- Exercise requirements -
Reproduce exactly, and only, the lines of the material below running from the line bearing "珍珠U型发簪女盘发神器2026新款高端发钗簪子后脑勺插梳发夹头饰" through the line bearing "- MORE THAN". Leave any pictures out.
++++ Material for this task ++++
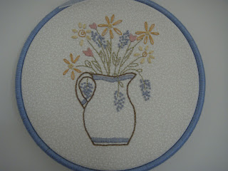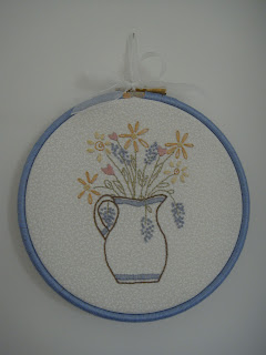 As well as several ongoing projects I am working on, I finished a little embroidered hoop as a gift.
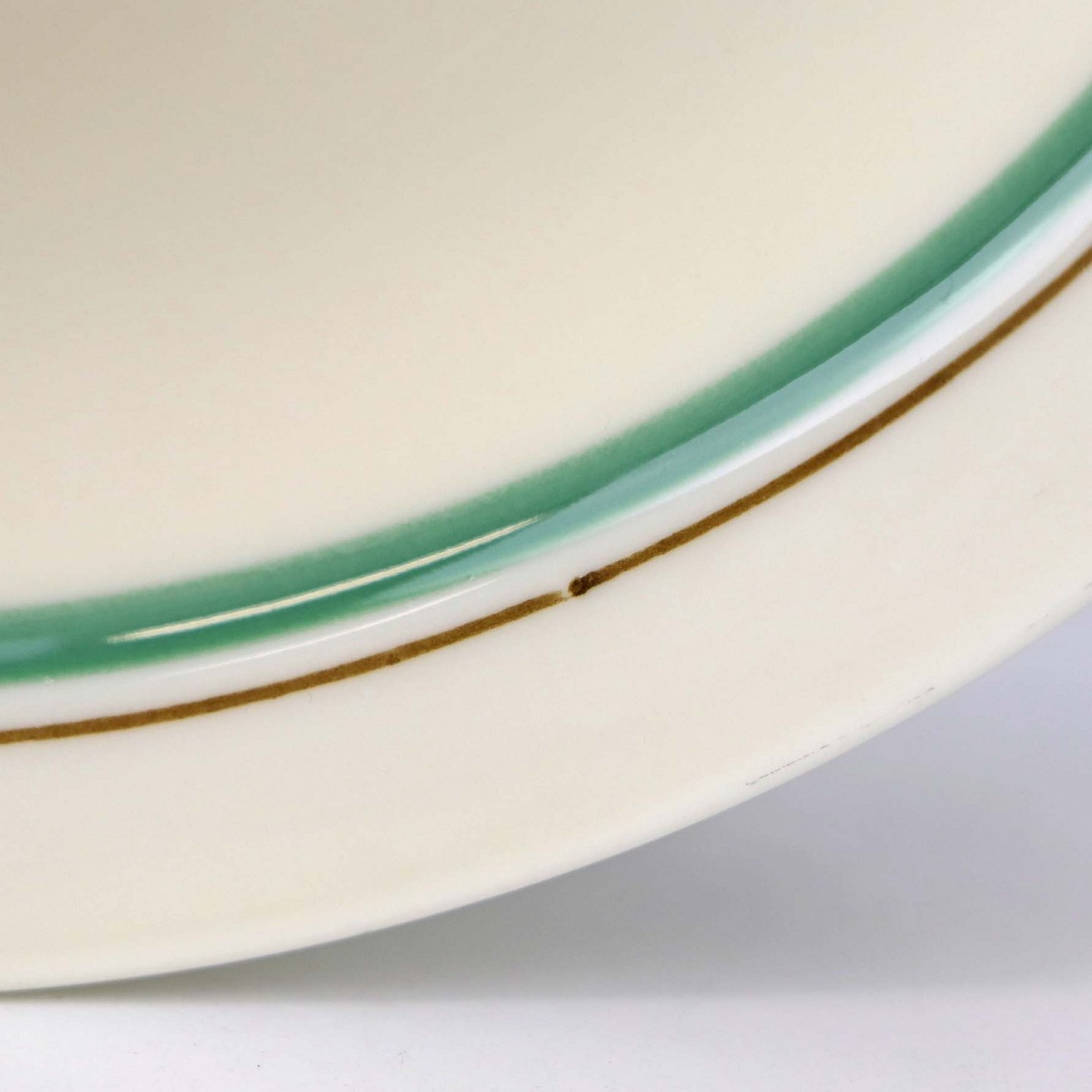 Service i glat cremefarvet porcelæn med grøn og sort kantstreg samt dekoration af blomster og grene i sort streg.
++++
++++ Material for this task ++++
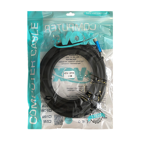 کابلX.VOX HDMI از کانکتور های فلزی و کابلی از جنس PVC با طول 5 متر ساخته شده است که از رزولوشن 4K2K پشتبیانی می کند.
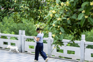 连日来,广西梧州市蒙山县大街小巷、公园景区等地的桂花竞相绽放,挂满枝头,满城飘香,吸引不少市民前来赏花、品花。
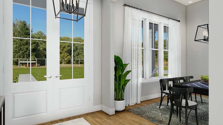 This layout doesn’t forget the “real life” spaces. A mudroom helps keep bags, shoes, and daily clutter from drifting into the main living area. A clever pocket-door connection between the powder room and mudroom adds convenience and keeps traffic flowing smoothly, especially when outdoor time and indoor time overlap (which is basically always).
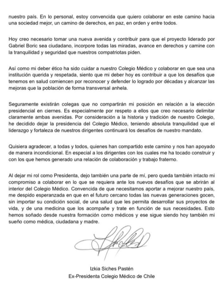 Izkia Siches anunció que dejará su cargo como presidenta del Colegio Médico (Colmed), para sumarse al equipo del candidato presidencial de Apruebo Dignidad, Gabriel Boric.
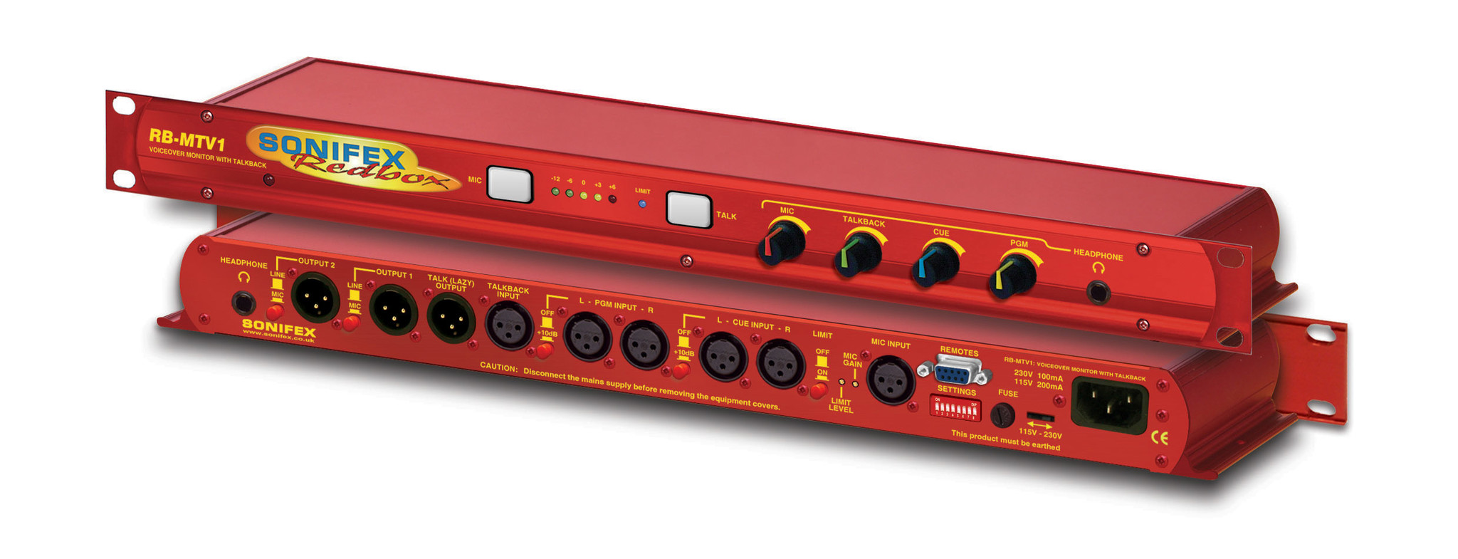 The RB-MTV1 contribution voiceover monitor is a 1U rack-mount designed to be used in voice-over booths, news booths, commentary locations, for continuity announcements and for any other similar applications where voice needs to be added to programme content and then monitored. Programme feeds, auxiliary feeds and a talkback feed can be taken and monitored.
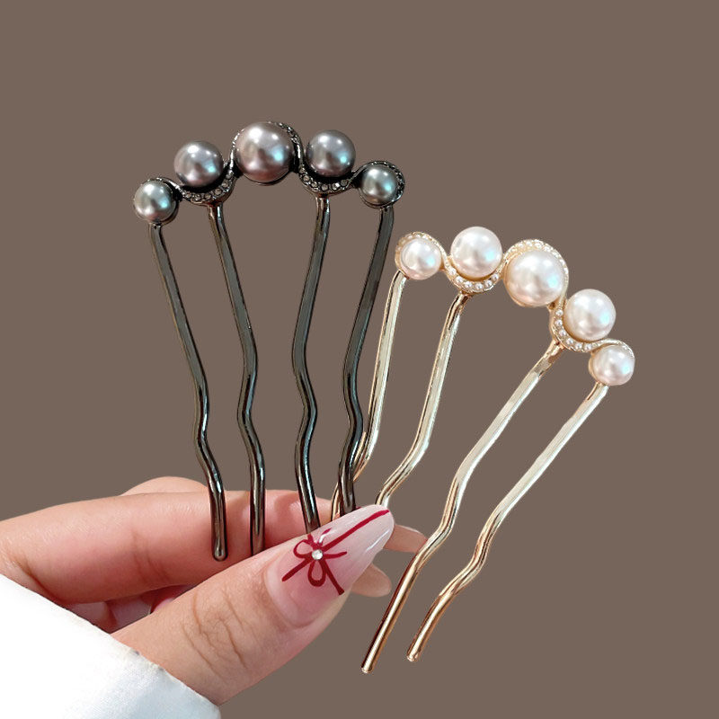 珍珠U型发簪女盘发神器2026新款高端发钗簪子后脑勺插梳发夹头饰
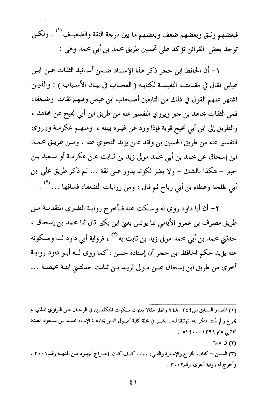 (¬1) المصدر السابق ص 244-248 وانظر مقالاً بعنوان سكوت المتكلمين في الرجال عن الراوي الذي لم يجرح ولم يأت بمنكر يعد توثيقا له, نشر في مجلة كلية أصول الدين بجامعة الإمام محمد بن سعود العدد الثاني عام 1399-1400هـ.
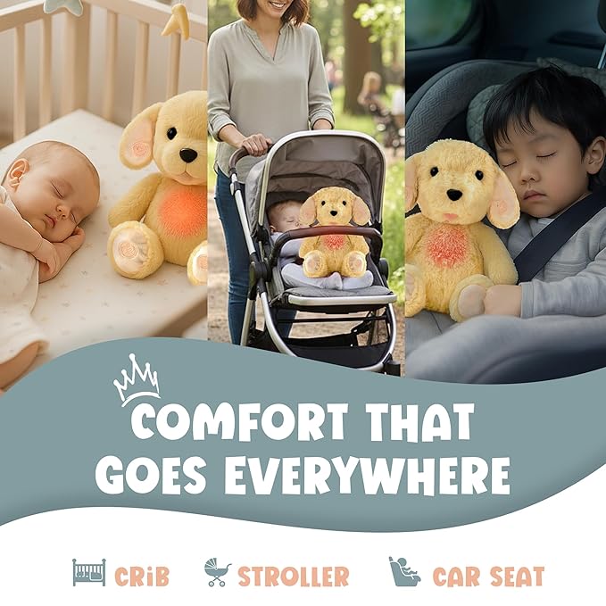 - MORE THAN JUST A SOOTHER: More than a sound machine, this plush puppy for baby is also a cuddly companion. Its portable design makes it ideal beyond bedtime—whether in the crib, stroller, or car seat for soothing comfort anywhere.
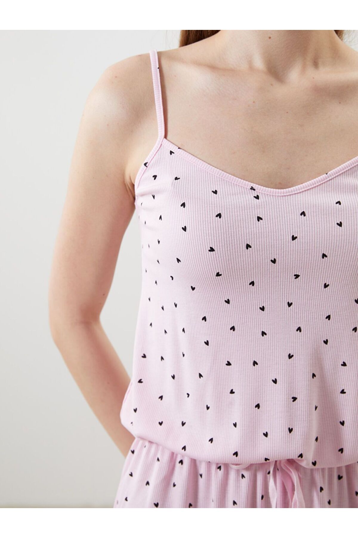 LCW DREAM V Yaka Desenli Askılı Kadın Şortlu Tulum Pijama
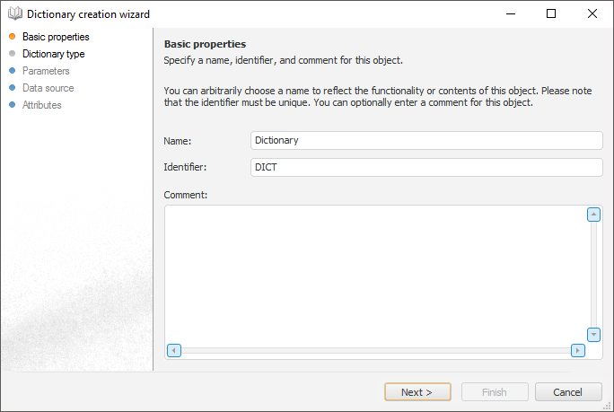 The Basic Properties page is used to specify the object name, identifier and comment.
++++
++++ Material for this task ++++
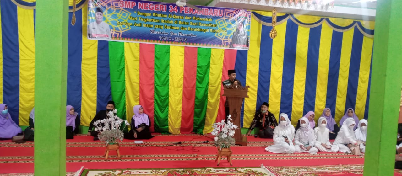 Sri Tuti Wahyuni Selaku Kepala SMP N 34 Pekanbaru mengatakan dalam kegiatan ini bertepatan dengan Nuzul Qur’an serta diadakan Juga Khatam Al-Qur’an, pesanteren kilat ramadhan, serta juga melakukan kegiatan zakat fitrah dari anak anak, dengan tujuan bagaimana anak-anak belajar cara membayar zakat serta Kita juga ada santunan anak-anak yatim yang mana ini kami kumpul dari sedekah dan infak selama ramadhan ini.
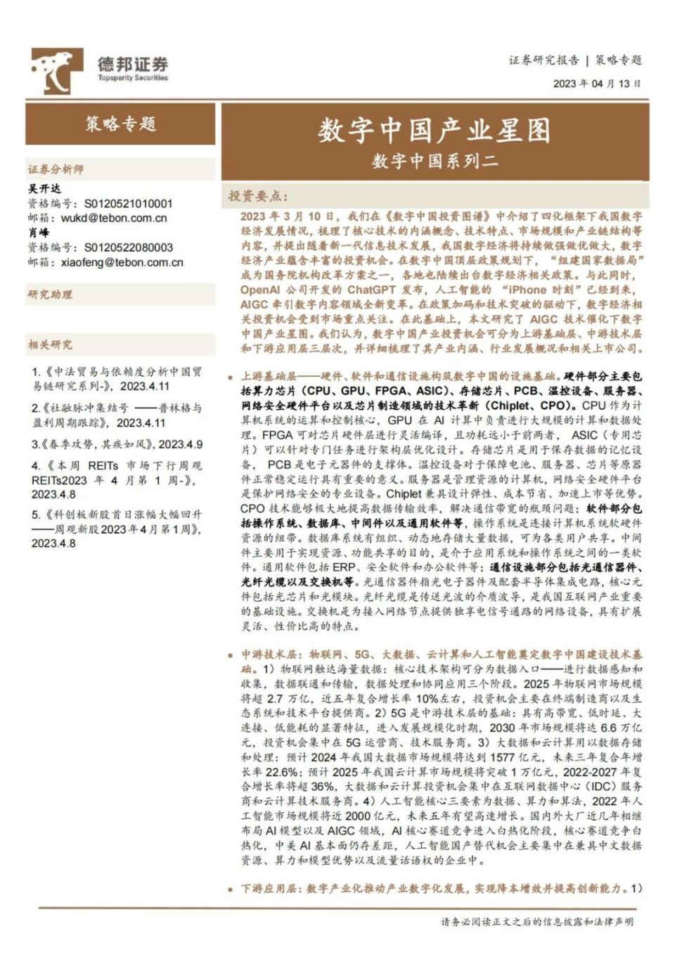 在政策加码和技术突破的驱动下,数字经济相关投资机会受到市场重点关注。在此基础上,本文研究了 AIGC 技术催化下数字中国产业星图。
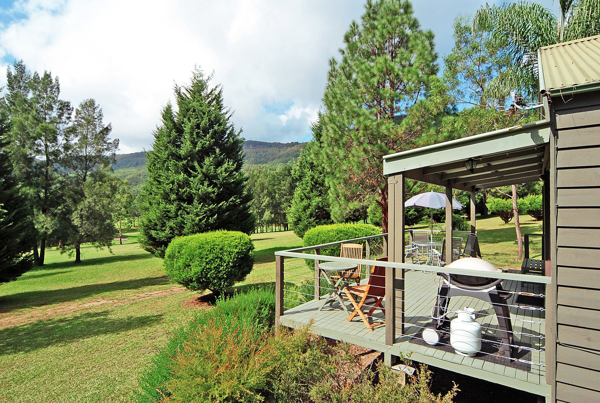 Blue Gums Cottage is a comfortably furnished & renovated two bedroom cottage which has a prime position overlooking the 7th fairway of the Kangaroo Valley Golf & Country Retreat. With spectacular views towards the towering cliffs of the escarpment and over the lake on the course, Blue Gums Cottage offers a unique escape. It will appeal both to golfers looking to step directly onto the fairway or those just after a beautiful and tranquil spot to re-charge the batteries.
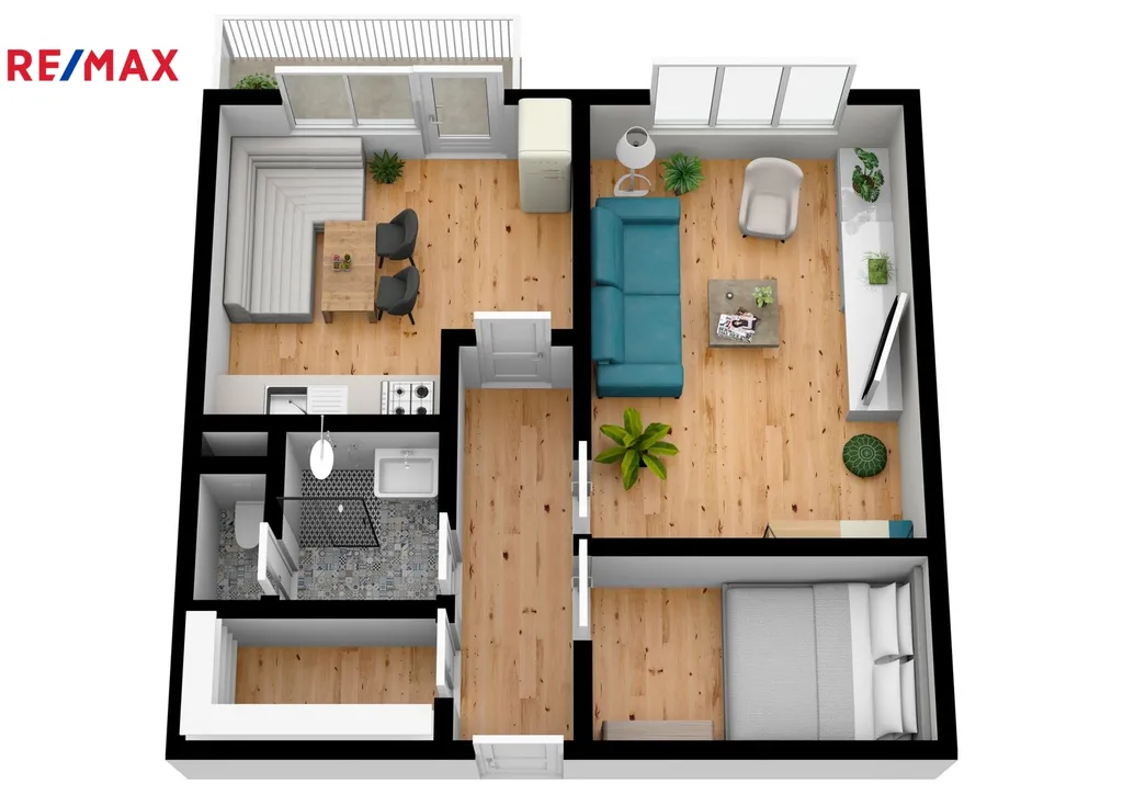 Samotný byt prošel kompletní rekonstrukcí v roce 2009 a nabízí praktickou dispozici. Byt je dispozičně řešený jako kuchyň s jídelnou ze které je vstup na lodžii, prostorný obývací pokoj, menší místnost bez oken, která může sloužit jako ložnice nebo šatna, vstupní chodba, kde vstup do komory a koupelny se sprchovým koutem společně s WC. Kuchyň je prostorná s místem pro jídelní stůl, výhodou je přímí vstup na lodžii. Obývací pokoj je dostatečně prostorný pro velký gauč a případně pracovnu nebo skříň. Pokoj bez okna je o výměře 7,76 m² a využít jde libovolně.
++++
- Solution to this exercise -
 珍珠U型发簪女盘发神器2026新款高端发钗簪子后脑勺插梳发夹头饰
 (¬1) المصدر السابق ص 244-248 وانظر مقالاً بعنوان سكوت المتكلمين في الرجال عن الراوي الذي لم يجرح ولم يأت بمنكر يعد توثيقا له, نشر في مجلة كلية أصول الدين بجامعة الإمام محمد بن سعود العدد الثاني عام 1399-1400هـ.
 - MORE THAN JUST A SOOTHER: More than a sound machine, this plush puppy for baby is also a cuddly companion. Its portable design makes it ideal beyond bedtime—whether in the crib, stroller, or car seat for soothing comfort anywhere.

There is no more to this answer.